No analyst ratings for TBHC.
View All RatingsHigh margin volatility — erratic forensic earnings quality
| Factor | Global | Sector | Tilt |
|---|---|---|---|
| PROFITABILITY | 33 | 15 | +18ALPHA |
| MOMENTUM | 31 | 26 | +5NEUTRAL |
| VALUATION | 40 | 37 | +3NEUTRAL |
| INVESTMENT | 35 | 58 | -23DRAG |
| STABILITY | 32 | 28 | +4NEUTRAL |
| SHORT INT | 18 | 5 | +13ALPHA |
Global = full universe. Sector = relative to industry peers. Positive tilt indicates idiosyncratic strength.

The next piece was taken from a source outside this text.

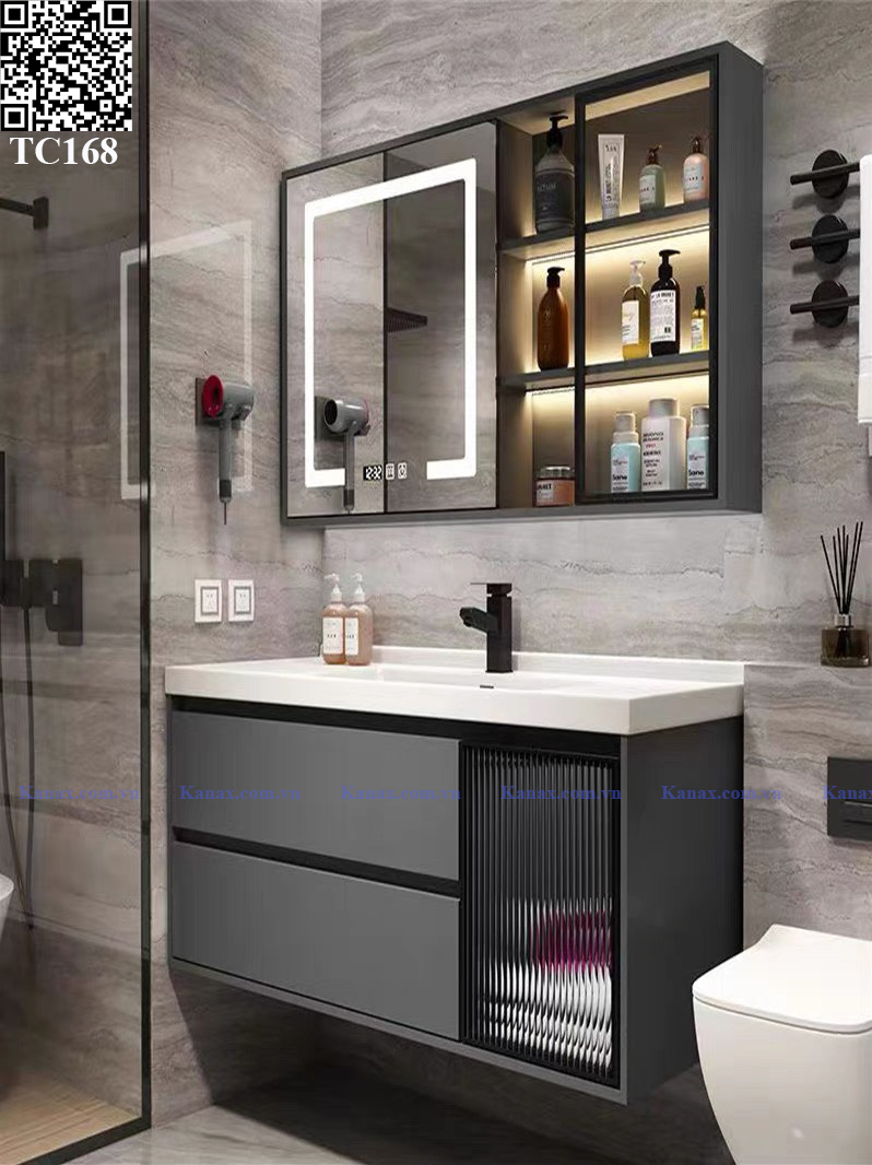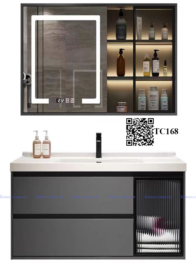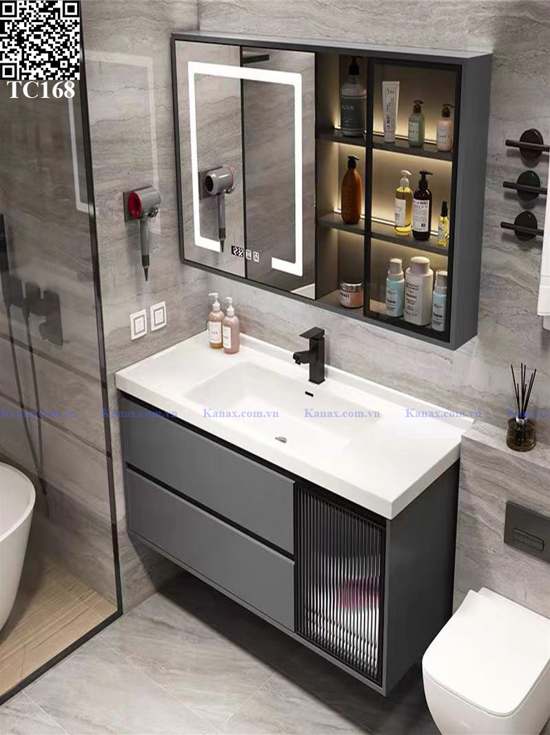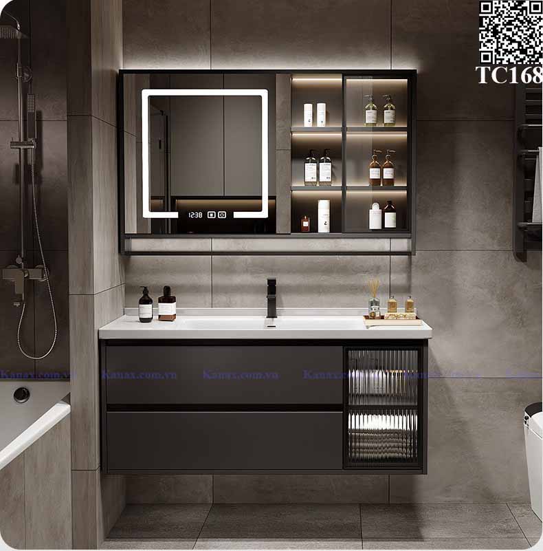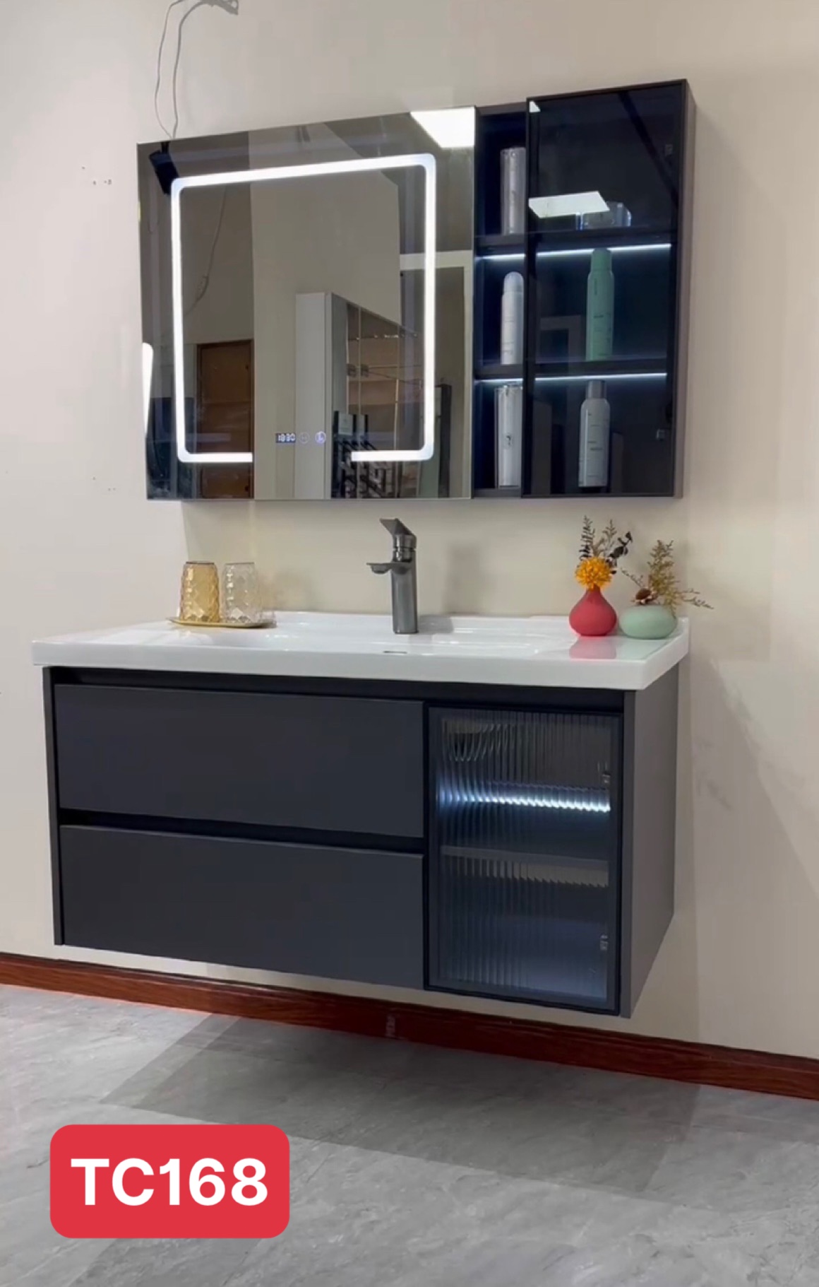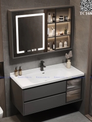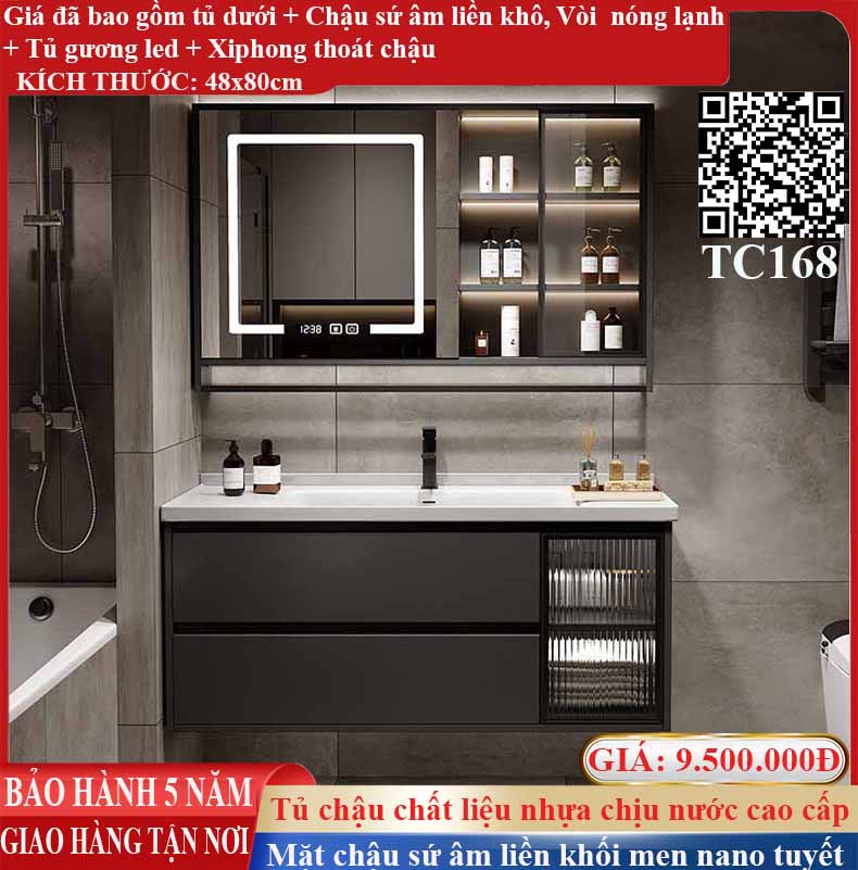 TC168 - Tủ chậu nhựa Plywood + Tủ gương led ,sấy, đồng hồ + Vòi nóng lạnh cao cấp - Hàng nhập khẩu nguyên bộ
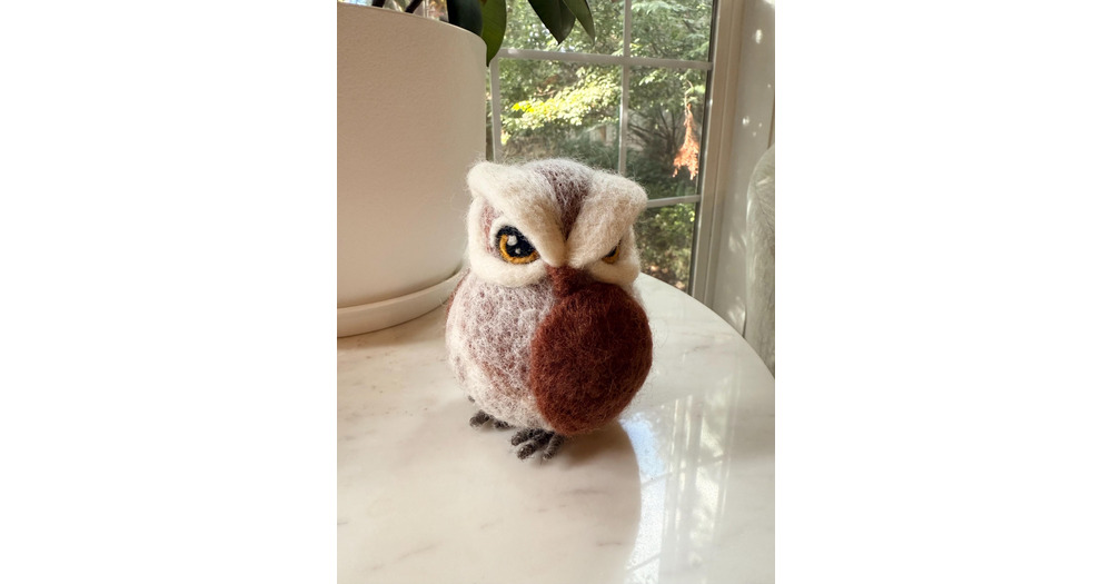 Needle Felt Owl Sculpture – Wool Woodland Decor, Rustic Forest Animal Ornament, Fall Home Acce

ROE proxy 22.0% (sector 8.9%)
GM 18% vs sector 36%, OM -13% vs sector 4%
Capital turnover N/A
Rev growth 27%, 11yr history
Interest coverage N/A
Composite assessment of profitability, capital efficiency, and financial strength. Top-tier entities demonstrate sustainable cash flow generation and elite competitive moats.
Profit generated per dollar of shareholder equity
Efficiency of asset utilization
Pricing power and cost efficiency
Core business profitability
Bottom-line profitability
The Quality factor evaluates the persistence and magnitude of realized cash flows. Companies with scores >70 exhibit superior pricing power and structural financial resilience through diverse economic regimes.
Our uncertainty rating tracks the predictability of future cash flows and potential for permanent capital loss. Moderate visibility with standard industry cyclicality.
Our quantitative model flags BRAND HOUSE COLLECTIVE, INC. with an Avoid rating, assigning a composite score of 32.6/100 and 1 out of 5 stars. Ranked #4327 of 7,333 stocks, TBHC falls in the bottom tier across key factors. Historically, stocks with this profile have faced elevated risk of underperformance and capital loss.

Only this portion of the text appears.